Here are the logs when the job is scheduled on a non-working runner :

[service:configuration-api] 2023-02-23T08:30:33.319822839Z Error: Could not find or load main class org.springframework.boot.loader.JarLauncher
[service:configuration-api] 2023-02-23T08:30:33.320160182Z Caused by: java.lang.ClassNotFoundException: org.springframework.boot.loader.JarLauncher

The only workaround I have found is to connect to the runner and do a docker volume prune. After that operation, the service is working correctly for some time, until a new build breaks it on some runners.

All runners are configured as docker executors and are in the same version (currently 15.8.1)

One hypothesis I have is that Cloud Native Buildpacks creates image without timestamp, may this cause some issues ? Is there anything else that may cause this issue ?

2

Answers


  1. Chosen as BEST ANSWER

    I finally found the root cause of the issue, unfortunately I didn't provide enough details on the questions for someone to resolve the issue.

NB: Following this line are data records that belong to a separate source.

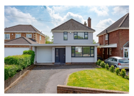
46 Wood Road, Codsall, Wolverhampton, WV8 1DN
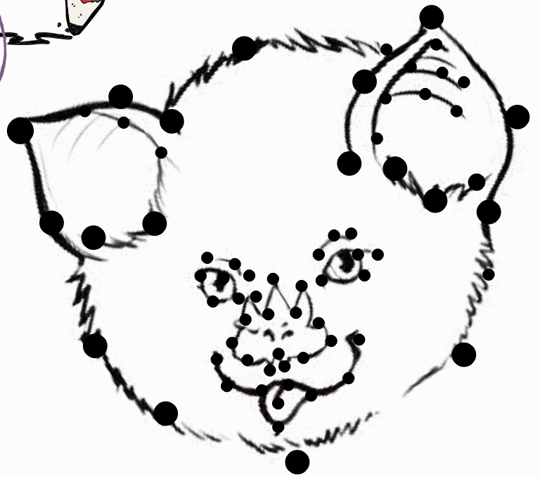
Popo yenye masikio mafupi ya Percival
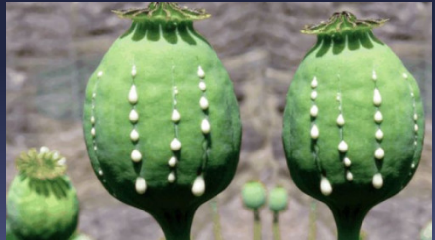
Papaver somniferum. PressTV. n.d.
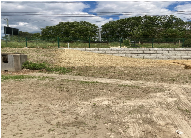
Figure 7: Contractor Seeding and Mulching inside retention Pond
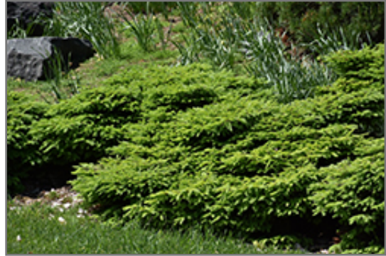
Little Gem Spruce

This shrub does best in full sun to partial shade. It does best in average to evenly moist conditions, but will not tolerate standing water. It is not particular as to soil type or pH, and is able to handle environmental salt. It is highly tolerant of urban pollution and will even thrive in inner city environments. This is a selected variety of a species not originally from North America.
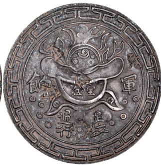
3494* China, Taiwan, Rebel coinage, Ting-dih silver dollar (1862), obv. floral vase, rev. crossed brushes (KM.cfC.25-5; Kann 4), with Spanish American silver dollar edge devices, probable trial (26.85g). Deep brown patina, chop mark, including flower lower obverse, good very fine and rare.
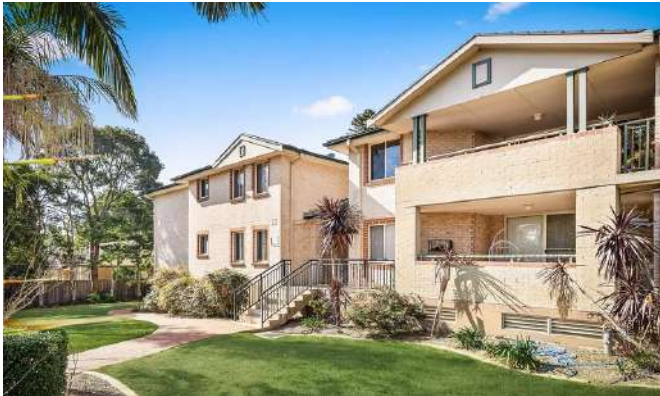
20/13-19 Railway Street, Baulkham Hills 2 Beds / 2 Baths / 1 Car $762,500
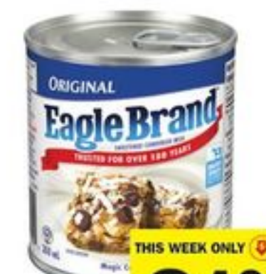
EAGLE BRAND CONDENSED MILK 300 ML SELECTED VARIETIES
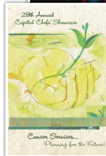
Above: Invitations for this year's Capital Chefs' Showcase display the theme of this year's event: "Cancer Services... Planning for the Future!" At right: Silent Auction items include fine art, jewelry, and plenty of sports memorabilia!
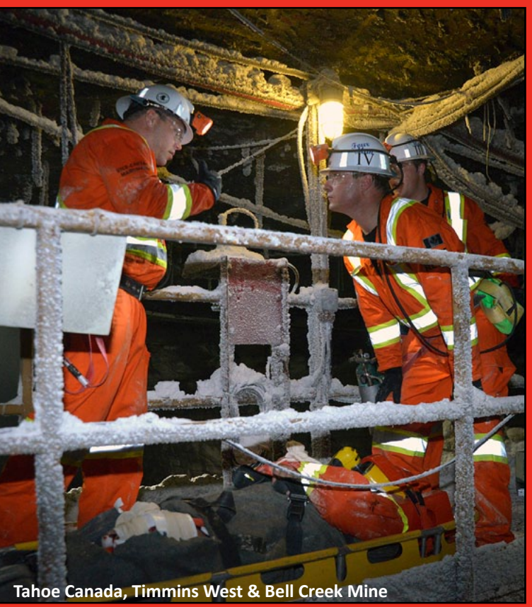
For the 2017 Provincial Competition Album, visit bit.ly/2vuWXsh or see our website www.workplacesafetynorth.ca/minerescue

    The problem was that my configuration-api image, which is used as a Gitlab-CI service was build with CNB buildpacks by calling the lifecycle endpoint. The final Docker image was created with a directory structure of /builds/ because CNB_APP_DIR was set to this value. In fact, the underlying issue is that it's not possible to decorelate source and target folders with CNB lifecycle.

    The unintended consequence was that by using this image as a Gitlab-CI service, it conflicted with the volume created by Gitlab-CI.

    I fix this issue by recreating my configuration-api with a CNB_APP_DIR of /workspace. I did that by copying my $CI_PROJECT_DIR to the workspace directory.


  2. Build it with maven debug enabled and simply see the difference.
    There is some difference in java version / maven version / dependency resolution (for project or for plugins) that you haven’t found.

    As a debug step dump dependency tree before the real build (mvn -X dependency:tree) and store it job artifact and compare between working and nonworking builds.